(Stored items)
========================================
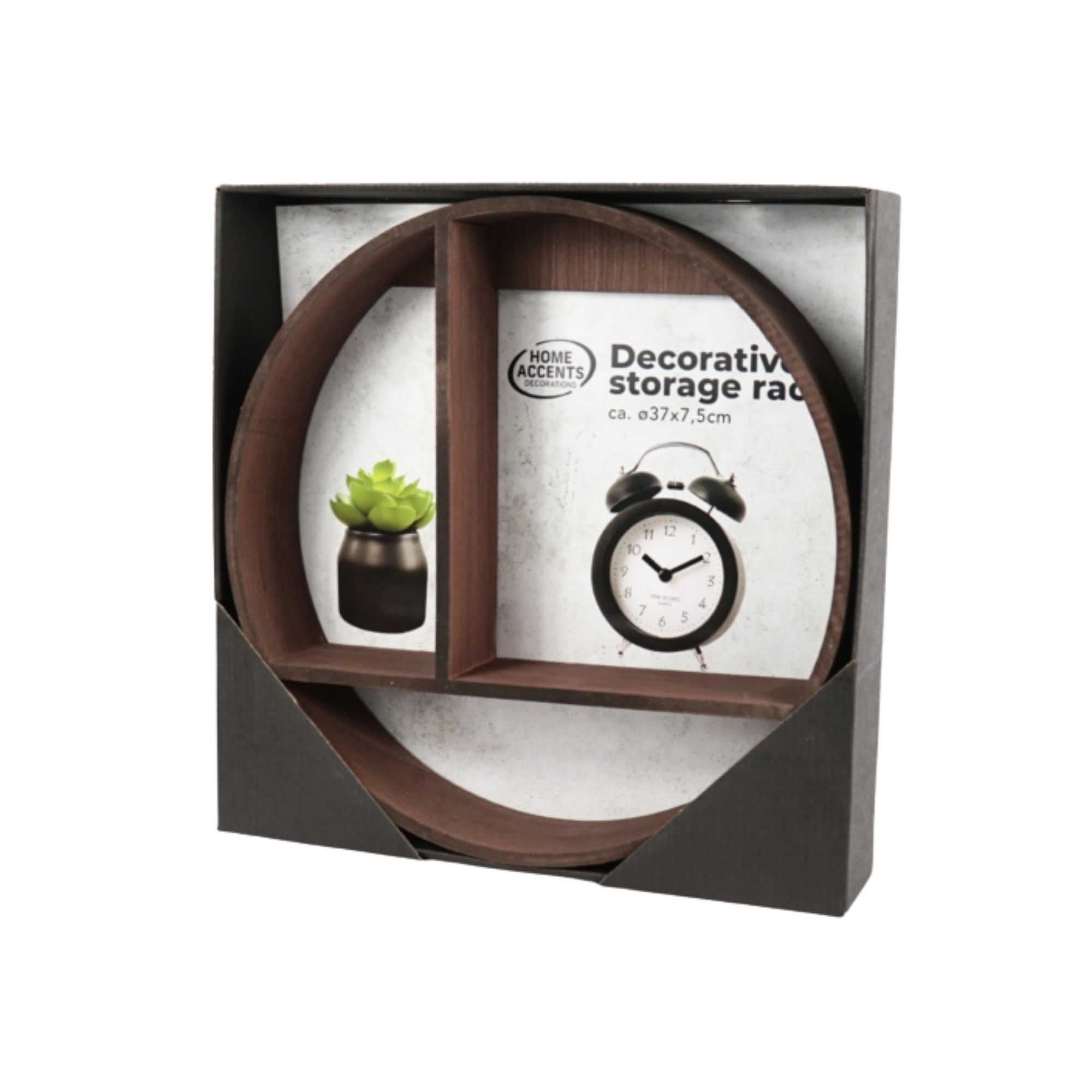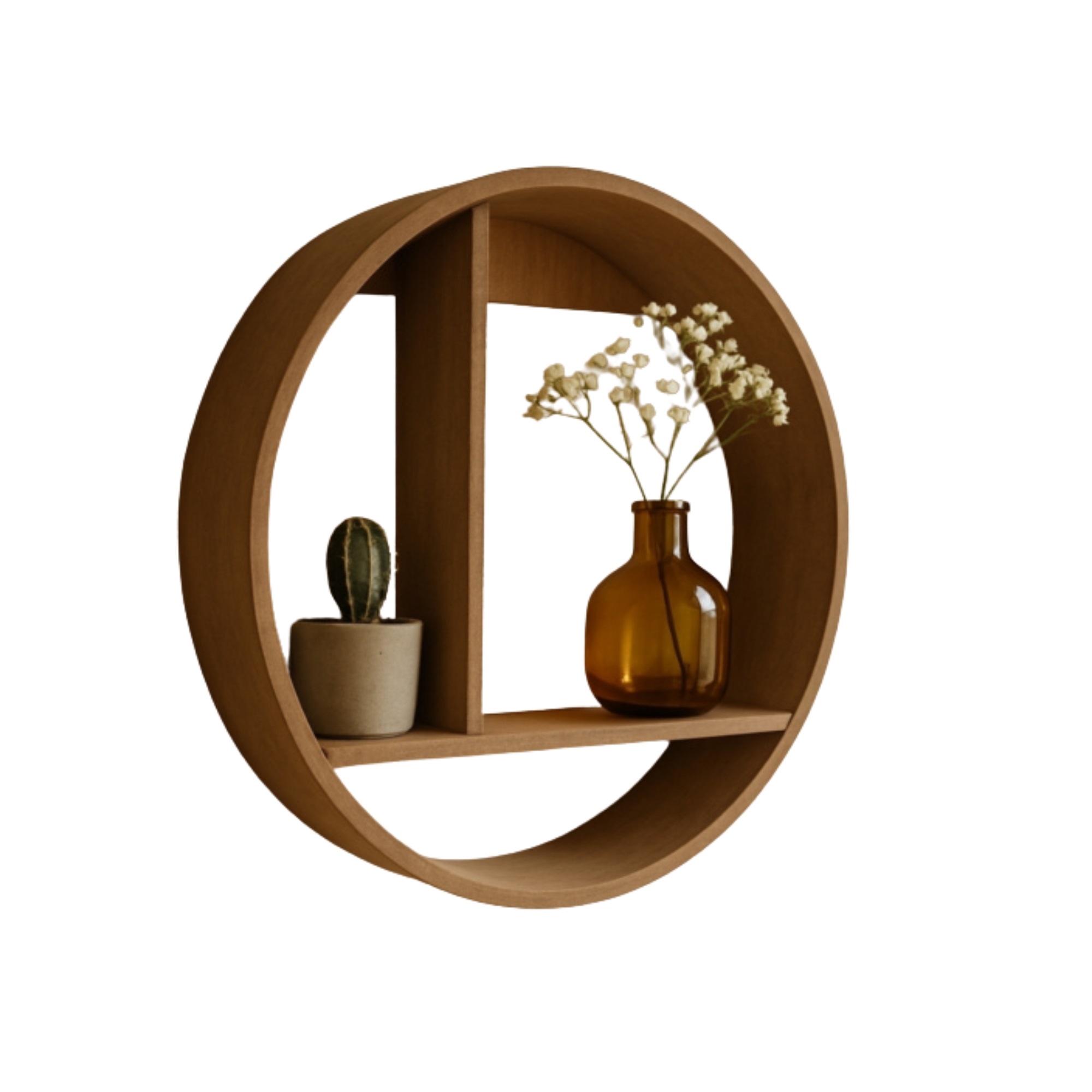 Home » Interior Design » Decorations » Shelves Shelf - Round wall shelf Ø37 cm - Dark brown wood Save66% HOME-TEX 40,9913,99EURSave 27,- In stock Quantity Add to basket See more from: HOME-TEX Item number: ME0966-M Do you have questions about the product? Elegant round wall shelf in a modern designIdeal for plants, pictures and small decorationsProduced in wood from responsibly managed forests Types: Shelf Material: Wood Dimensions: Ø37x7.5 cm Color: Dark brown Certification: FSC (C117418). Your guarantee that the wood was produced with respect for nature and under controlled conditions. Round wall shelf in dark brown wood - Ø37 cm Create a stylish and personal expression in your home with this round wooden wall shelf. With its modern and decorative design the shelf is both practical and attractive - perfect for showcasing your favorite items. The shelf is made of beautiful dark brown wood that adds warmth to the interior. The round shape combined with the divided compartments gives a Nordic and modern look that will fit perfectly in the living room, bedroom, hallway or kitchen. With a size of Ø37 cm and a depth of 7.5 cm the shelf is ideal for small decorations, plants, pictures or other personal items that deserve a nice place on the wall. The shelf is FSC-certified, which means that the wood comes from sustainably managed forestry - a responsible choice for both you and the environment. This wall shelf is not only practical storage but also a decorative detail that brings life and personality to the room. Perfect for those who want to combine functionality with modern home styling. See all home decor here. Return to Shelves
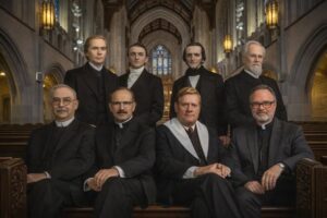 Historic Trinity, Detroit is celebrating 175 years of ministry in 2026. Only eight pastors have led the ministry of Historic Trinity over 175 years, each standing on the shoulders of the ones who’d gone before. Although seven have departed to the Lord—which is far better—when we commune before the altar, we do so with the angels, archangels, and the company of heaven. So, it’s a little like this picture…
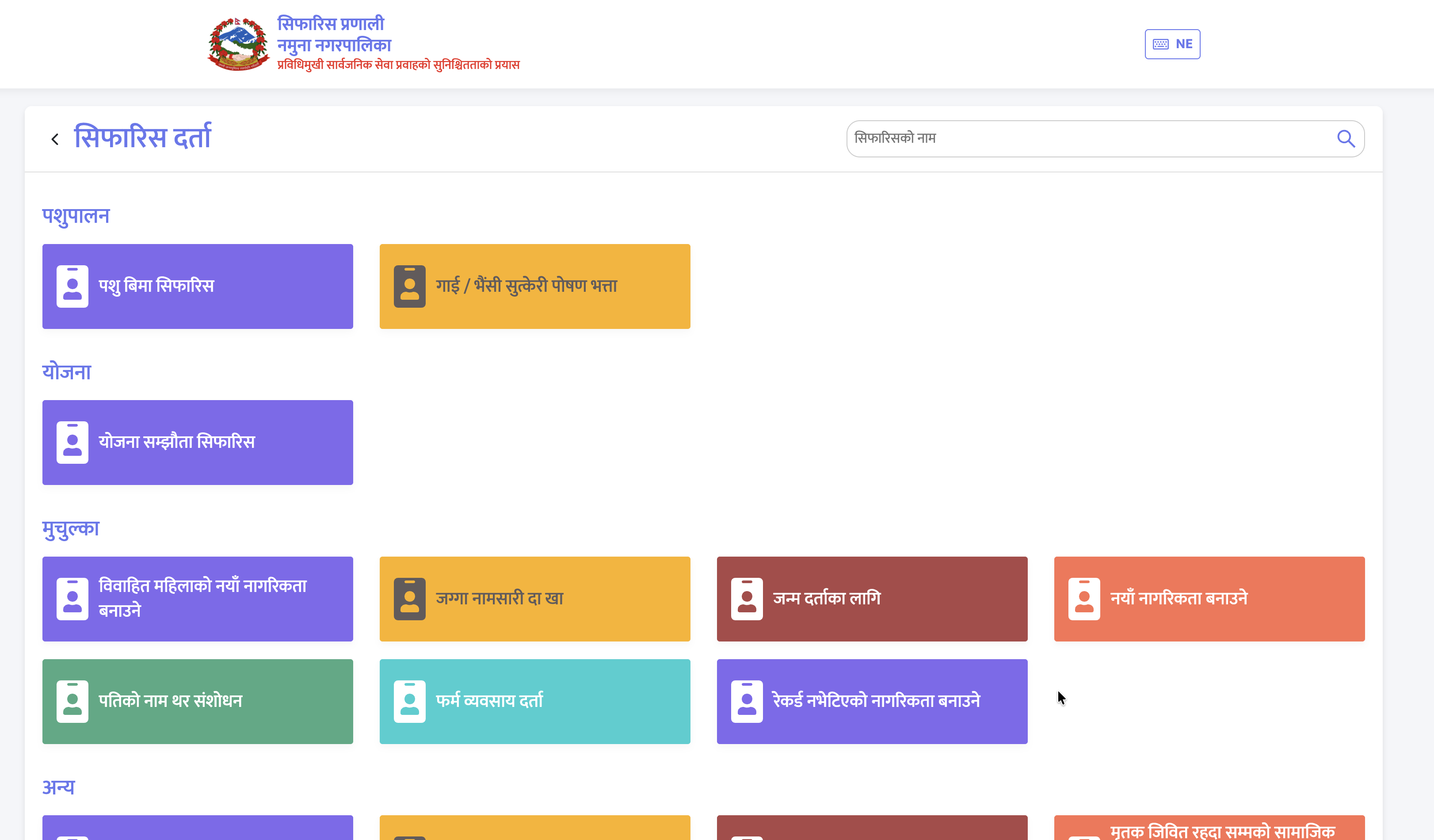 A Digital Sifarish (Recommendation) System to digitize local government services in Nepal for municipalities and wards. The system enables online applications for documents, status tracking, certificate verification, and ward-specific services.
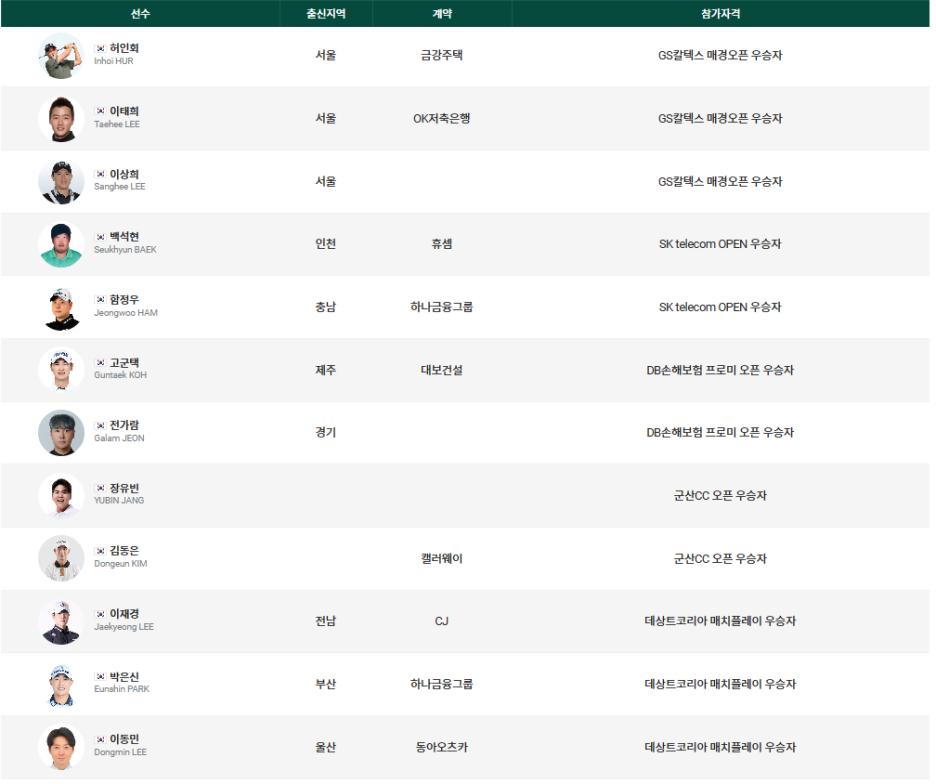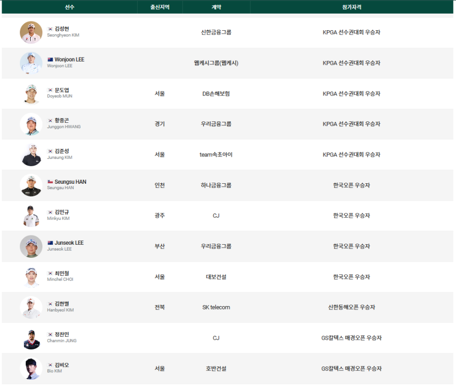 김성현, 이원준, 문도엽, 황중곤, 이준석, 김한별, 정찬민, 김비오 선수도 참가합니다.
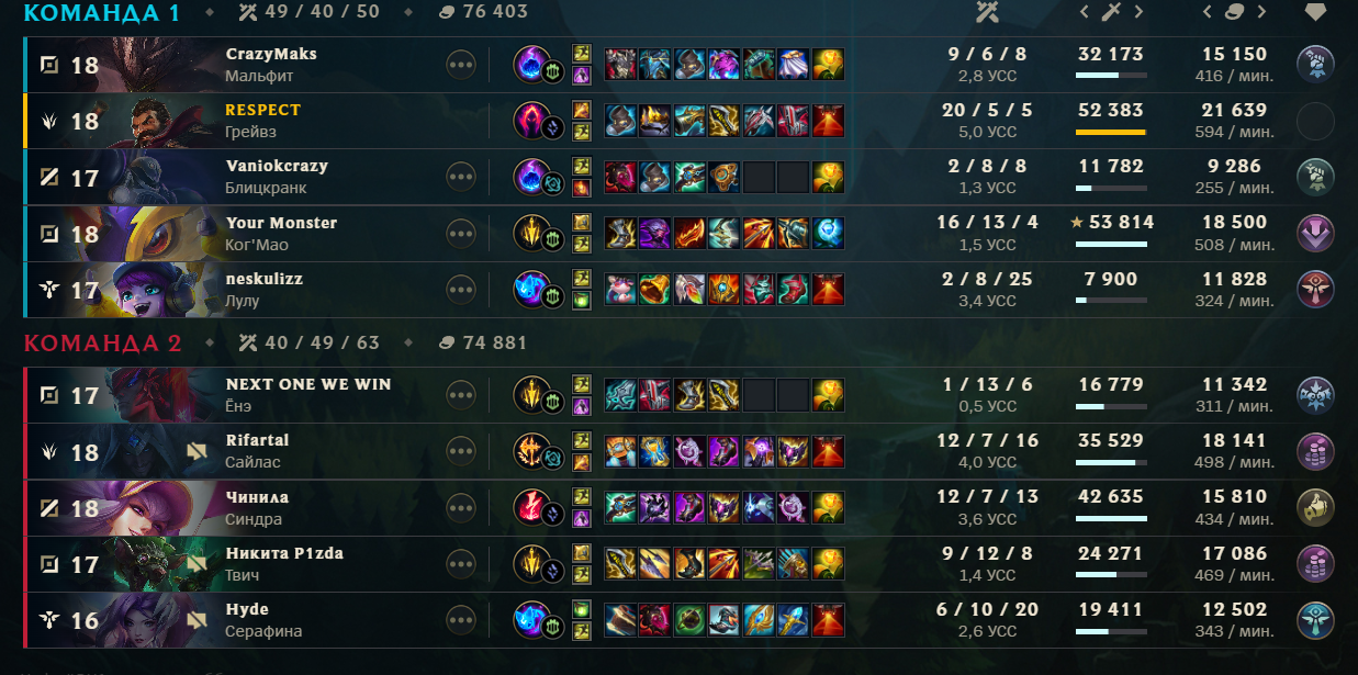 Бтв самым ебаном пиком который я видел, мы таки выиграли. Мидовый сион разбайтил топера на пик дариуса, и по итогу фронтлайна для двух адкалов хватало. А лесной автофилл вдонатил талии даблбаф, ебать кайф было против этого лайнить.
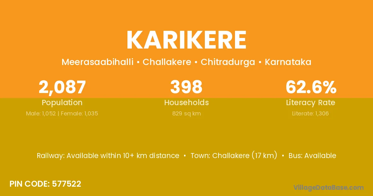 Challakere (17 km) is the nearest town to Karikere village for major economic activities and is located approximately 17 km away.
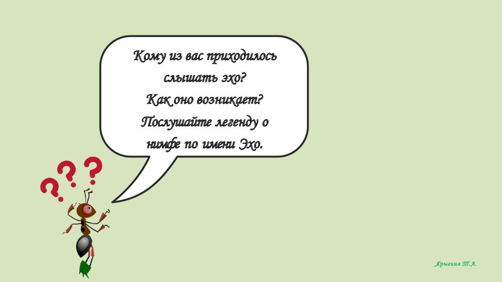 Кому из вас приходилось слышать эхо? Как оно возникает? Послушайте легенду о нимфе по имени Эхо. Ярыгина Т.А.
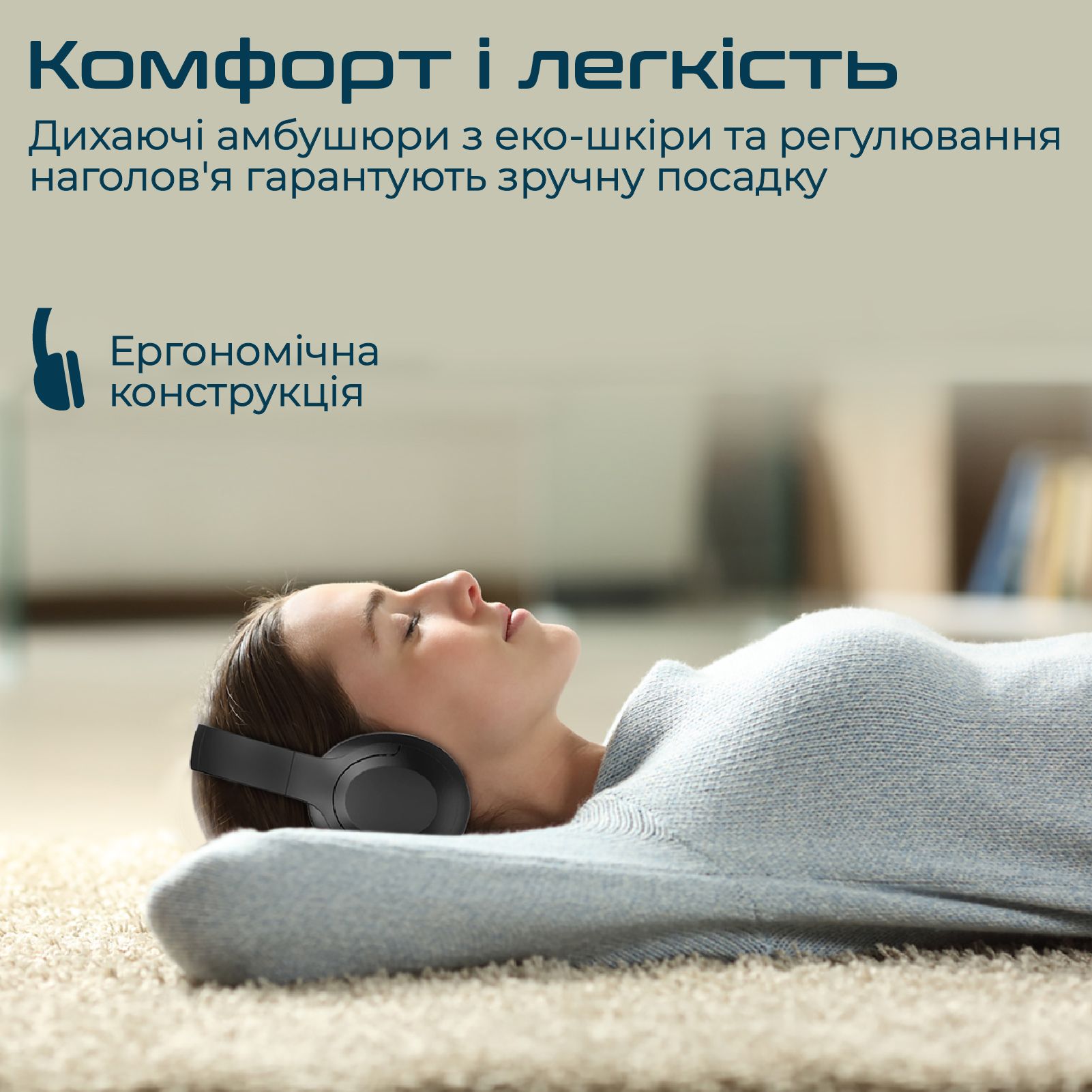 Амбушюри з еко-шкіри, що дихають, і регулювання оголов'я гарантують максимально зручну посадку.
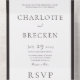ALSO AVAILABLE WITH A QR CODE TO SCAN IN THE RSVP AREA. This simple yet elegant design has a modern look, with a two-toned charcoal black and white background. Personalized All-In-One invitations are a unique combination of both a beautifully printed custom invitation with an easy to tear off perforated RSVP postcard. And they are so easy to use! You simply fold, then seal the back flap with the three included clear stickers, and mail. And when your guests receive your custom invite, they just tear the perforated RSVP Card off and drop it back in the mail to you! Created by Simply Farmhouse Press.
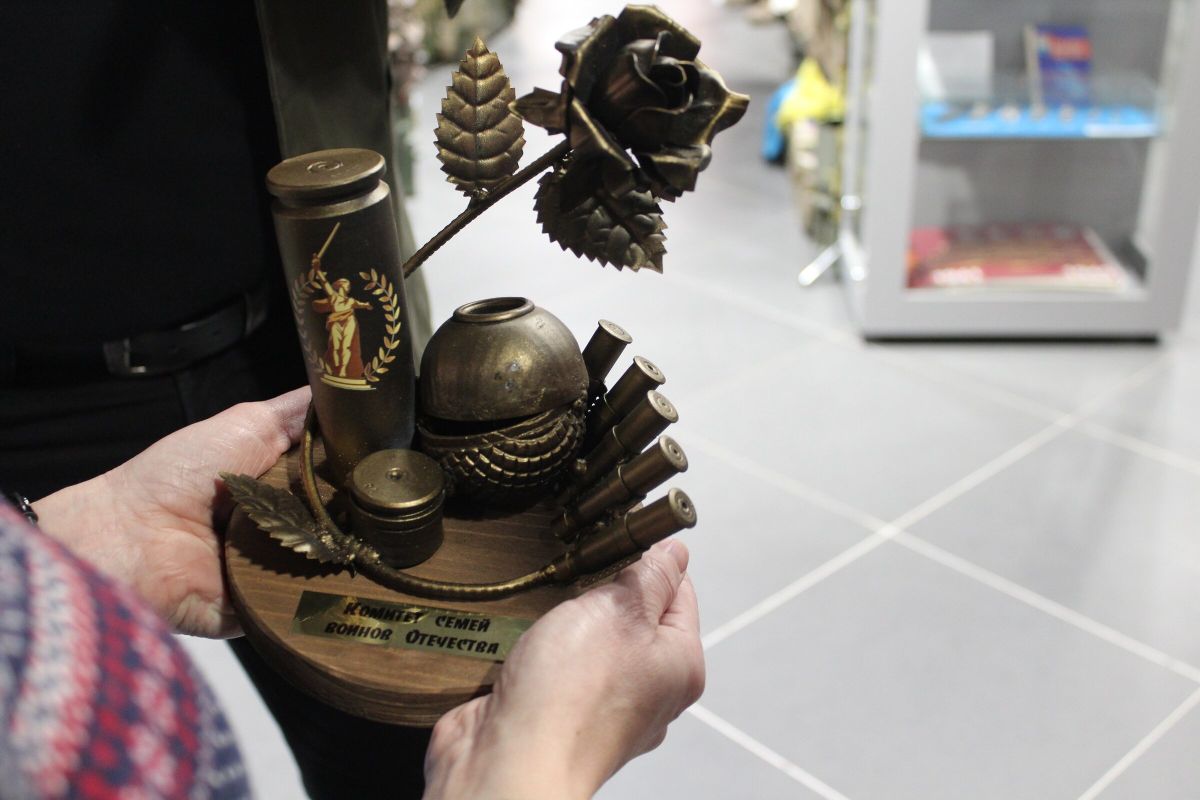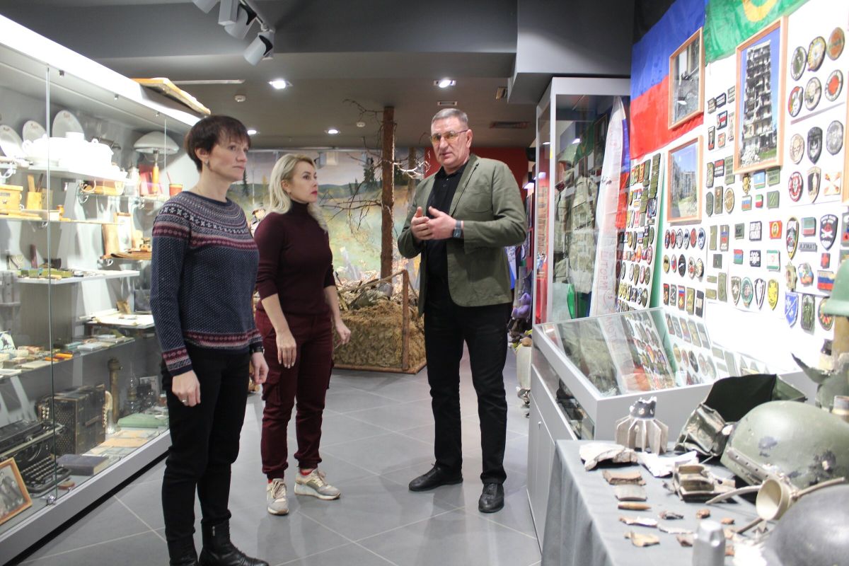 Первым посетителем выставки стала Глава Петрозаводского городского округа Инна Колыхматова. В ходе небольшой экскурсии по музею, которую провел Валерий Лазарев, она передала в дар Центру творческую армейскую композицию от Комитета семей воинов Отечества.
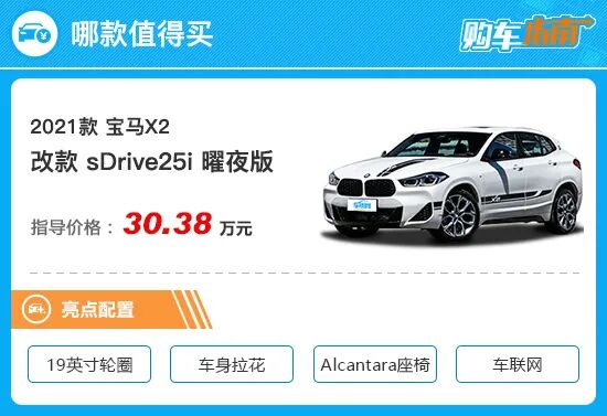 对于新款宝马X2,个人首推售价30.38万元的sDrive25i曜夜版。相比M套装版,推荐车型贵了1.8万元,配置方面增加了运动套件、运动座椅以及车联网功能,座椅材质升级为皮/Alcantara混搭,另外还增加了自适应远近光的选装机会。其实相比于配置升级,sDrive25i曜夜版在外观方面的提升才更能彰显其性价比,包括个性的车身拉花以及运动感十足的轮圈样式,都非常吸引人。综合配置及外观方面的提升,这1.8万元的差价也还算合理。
========================================
→ **Task statement**
With pictures excluded, reproduce exactly the lines above from the one containing "Бтв самым ебаном" down to the one containing "Кому из вас", those two included.

→ **Written answer**
 Бтв самым ебаном пиком который я видел, мы таки выиграли. Мидовый сион разбайтил топера на пик дариуса, и по итогу фронтлайна для двух адкалов хватало. А лесной автофилл вдонатил талии даблбаф, ебать кайф было против этого лайнить.
 Challakere (17 km) is the nearest town to Karikere village for major economic activities and is located approximately 17 km away.
 Кому из вас приходилось слышать эхо? Как оно возникает? Послушайте легенду о нимфе по имени Эхо. Ярыгина Т.А.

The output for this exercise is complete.